**GIVEN DATA:**
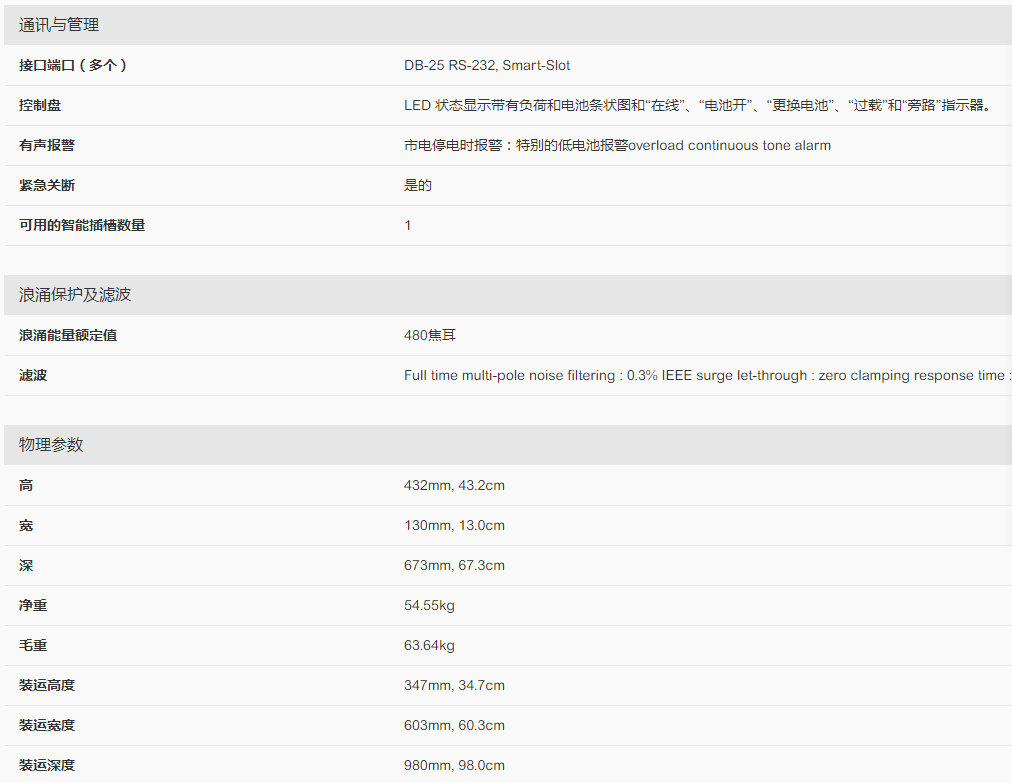 產品名稱:APC公司的Smart-UPS RT
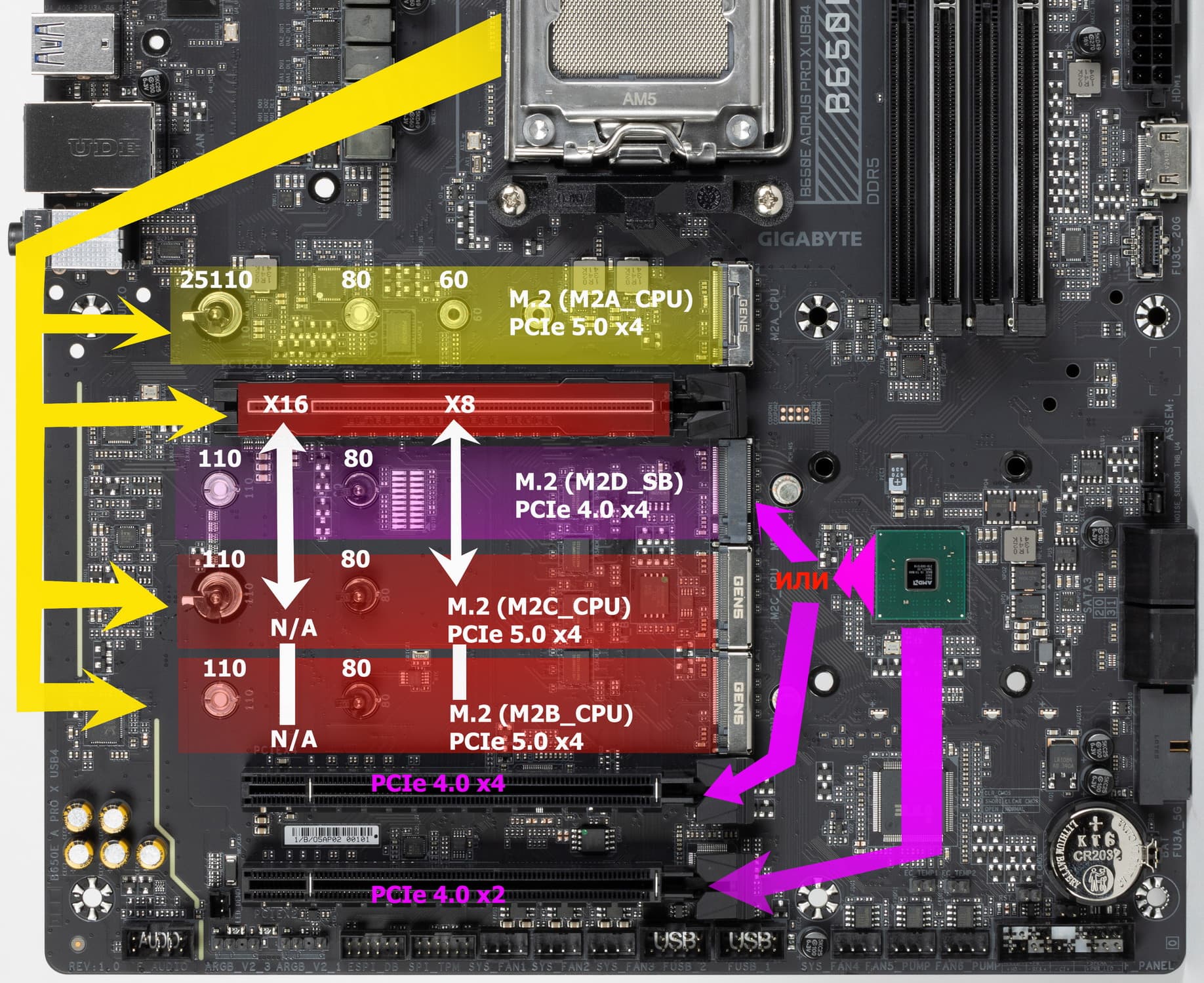 Выше приведена полная схема распределения ресурсов по слотам PCIe. Всего на плате есть 3 слота PCIe: один PCIe x16 PCIe 5.0, получающий данные от процессора, и два «длинных» слота, получающие данные от B650E, но работающие по схеме x4 и x2.
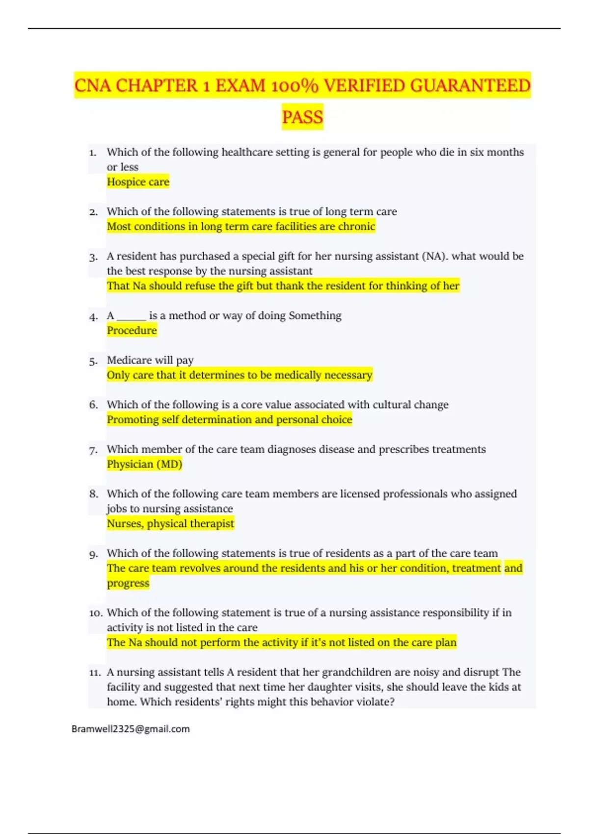CNA - Certified Nursing Assistant Chapters 1, 2, 3, 4, 5, 6, 7, 8, 9, & 10 Exam Questions and Revised Answers (2024 / 2025) 100% Guarantee Pass
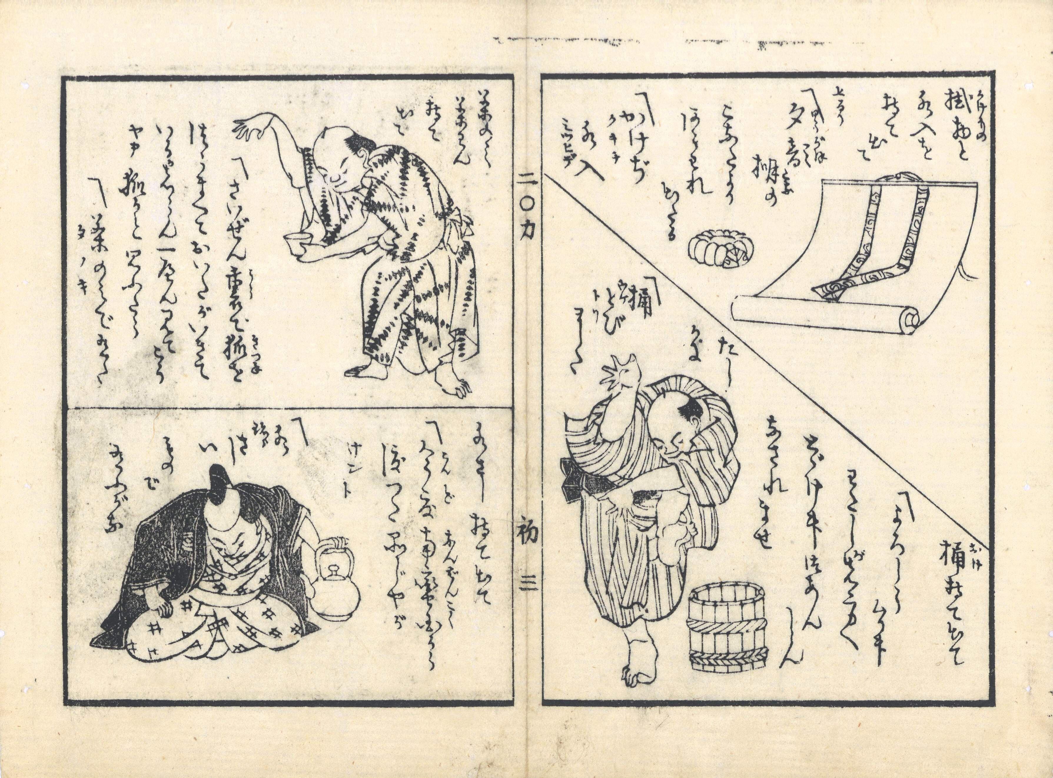 【備考】分類「芸能」。袋綴じ展開収録。『滑稽俄[滑稽に輪嘉・二○カ](初編)』は、「財布持て出て」「刷毛持て出て」「盥持て出て」「筆持て出て」のように、「○○を持て出て」と題した俄狂言を挿絵とともに半丁に2点ずつ掲げた小冊子。俄狂言は、素人が、宴席や街頭で即興に演じたこっけいな寸劇。江戸中期から明治にかけて流行。座敷で行う座敷俄、屋外で行う流し俄などがあり、大阪俄・博多俄などが有名。のちに職業として、寄席で、道具・鳴り物入りで行うようになった(コトバンク)。俄(にわか)とは、江戸時代から明治時代にかけて、宴席や路上などで行われた即興の芝居。仁輪加、仁和歌、二和加などとも書く。またの名を茶番(ちゃばん)(Wikipedia参照)。SE02873
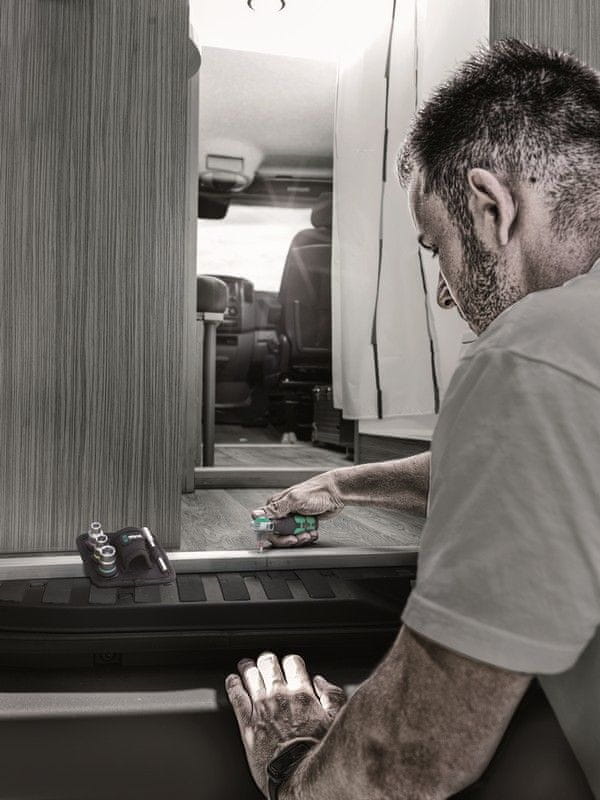 Magnetna neposredna pritrditev omogoča, da se 3/8-palčna vrtavka uporablja kot izvijač za bite z 1/4-palčnim ročajem
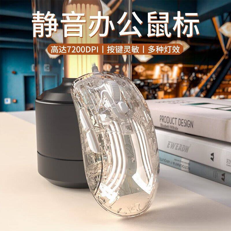 前行者Q8透明机械鼠标有线静音宏编程游戏电竞电脑笔记本办公通用
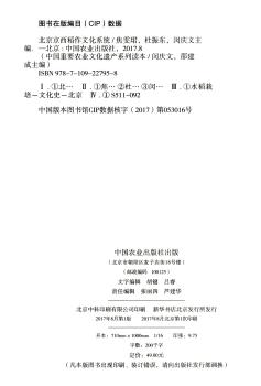 图书简介 | | 本书以通俗性、科普性的语言,介绍北京京西稻作文化系统的区域重要性、生态与文化特征与价值、保护与发展理念及措施,并以附录形式介绍遗产历史脉络及实用性旅游资讯等内容。 |
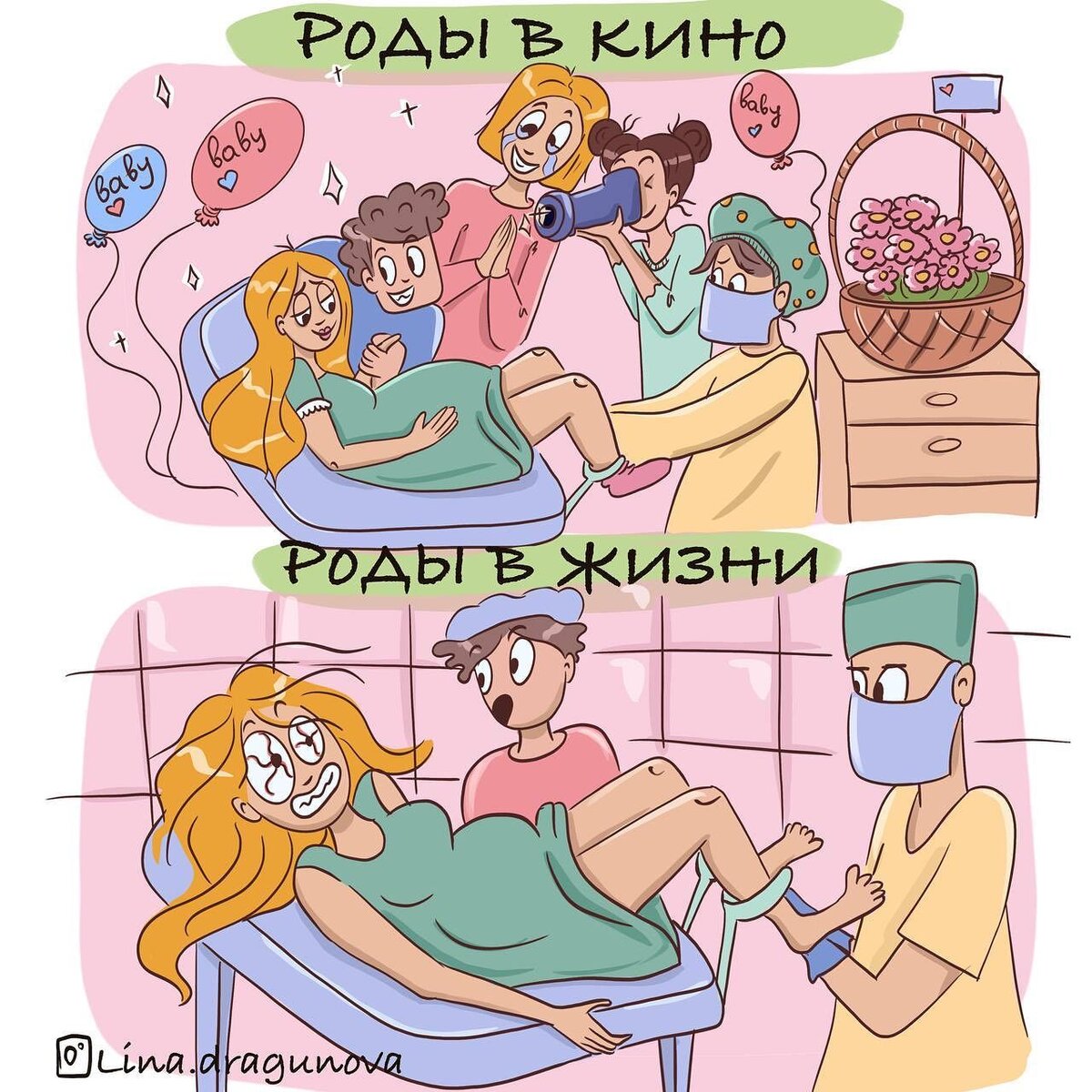 Приветствуем тебя наш дорогой читатель. Каждая девушка, женщина пережила это. Если вдруг вы не женского пола, то рекомендуем остаться и почитать эти комиксы. Ведь ожидание и реальность совпадают не всегда особенно если это связано с ребёнком. И мужчины даже об этом не подозревают. Будьте более бережнее со своей спутницей, не забывайте помогать во всём . 1 - Роды как в сказке Каждая из нас просто мечтает о таких родах, но к сожалению такое бывает и правда только в кино. И как говорится ожидание /реальность 2- Беременность В первую беременность мы набираем немало лишних кг, не считая ребёнка. И во вторую беременность женщина уже не парится по поводу веса и позволяет себе многое. Потом конечно жалеет и страдает, но на то мы и женщины. 3 - Приём узи Каждой женщине хочется узнать пол ребёнка на самых ранних сроках, а на экране видеть как улыбается, машет ручкой . Но по факту врач на ранних сроках просто не может рассмотреть пол малыша, часто бывает что всю беременность ребёнок может быт
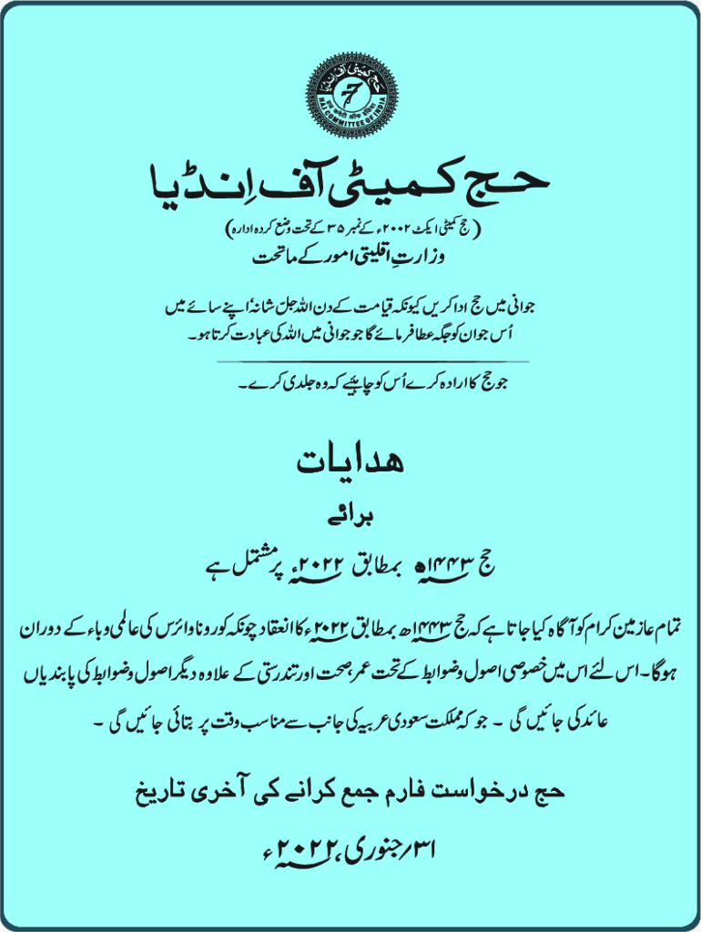 GUIDELINES FOR HAJ 1443 (H) 2022 (C.E.) (SOLEMN DECLARATION AND UNDERTAKING)for General Category I, Mr./Mrs./Miss,S/W/D/o. ___ solemnly declare on oath in the name of ALLAH that : 1. 2.3.4.___, Indian
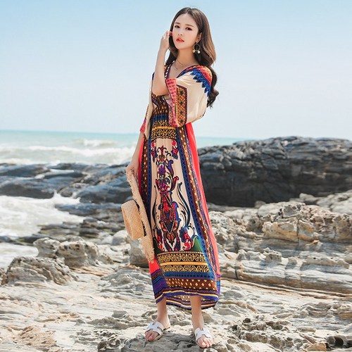 헤링본 롱 원피스 에스닉 보헤미안 반팔 비치웨어 휴양지 데일리 바캉스룩 H382
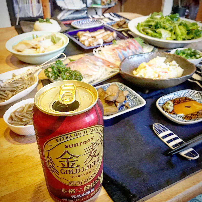 そして赤い金麦。幸せな酔いだ、宵だ。
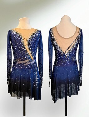 Abito da pattinaggio artistico Per donna Ragazze Pattinaggio sul ghiaccio Vestito blu navy Patchwork Foro per il pollice Spandex Rete Alta elasticità Allenamento Competizione Vestiti da pattinaggio
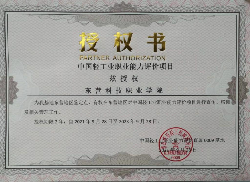 经中国轻工业职业能力评价直属基地授权,bw必威西汉姆联成为东营地区中国轻工业职业能力评价鉴定点,获得东营地区对中国轻工业职业能力评价项目的宣传、培训及相关管理工作。
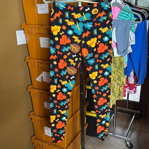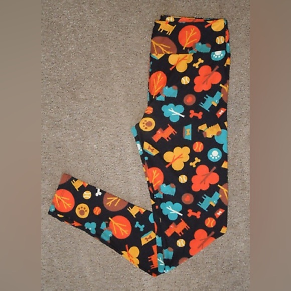 NWOT LuLaRoe Dog Lover Ball Bone Paw Print Leggings Black Orange Size OS (2-10)
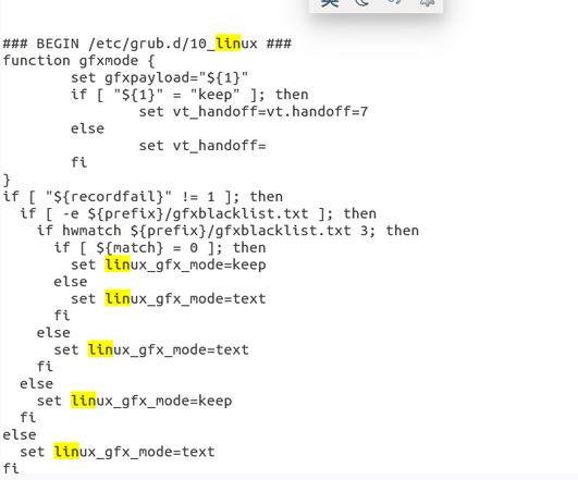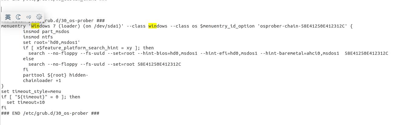 再输入sudo gedit grub.cfg,打开grub.cfg文件后找到windows引导,如下图所示,把他剪切出来
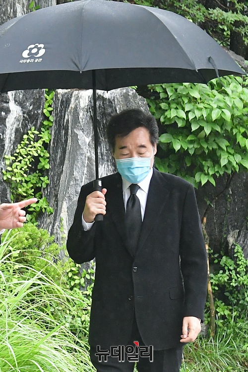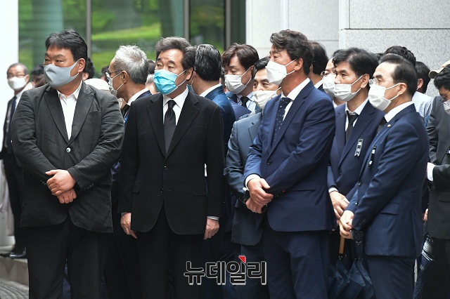 이낙연 더불어민주당 의원을 비롯한 의원들이 13일 오전 故 박원순 서울시장을 추모하기 위해 서울 서초구 서울추모공원에 도착해 이동하고 있다.

**YOUR INSTRUCTIONS:** Write out exactly the lines from the line that contains "헤링본 롱 원피스 에스닉 보헤미안 반팔 비치웨어 휴양지 데일리 바캉스룩 H382" to the last line of the material above, both included; pictures do not belong in the copy.

**FINISHED TASK:**
 헤링본 롱 원피스 에스닉 보헤미안 반팔 비치웨어 휴양지 데일리 바캉스룩 H382
 そして赤い金麦。幸せな酔いだ、宵だ。
 Abito da pattinaggio artistico Per donna Ragazze Pattinaggio sul ghiaccio Vestito blu navy Patchwork Foro per il pollice Spandex Rete Alta elasticità Allenamento Competizione Vestiti da pattinaggio
 经中国轻工业职业能力评价直属基地授权,bw必威西汉姆联成为东营地区中国轻工业职业能力评价鉴定点,获得东营地区对中国轻工业职业能力评价项目的宣传、培训及相关管理工作。
 NWOT LuLaRoe Dog Lover Ball Bone Paw Print Leggings Black Orange Size OS (2-10)
 再输入sudo gedit grub.cfg,打开grub.cfg文件后找到windows引导,如下图所示,把他剪切出来
 이낙연 더불어민주당 의원을 비롯한 의원들이 13일 오전 故 박원순 서울시장을 추모하기 위해 서울 서초구 서울추모공원에 도착해 이동하고 있다.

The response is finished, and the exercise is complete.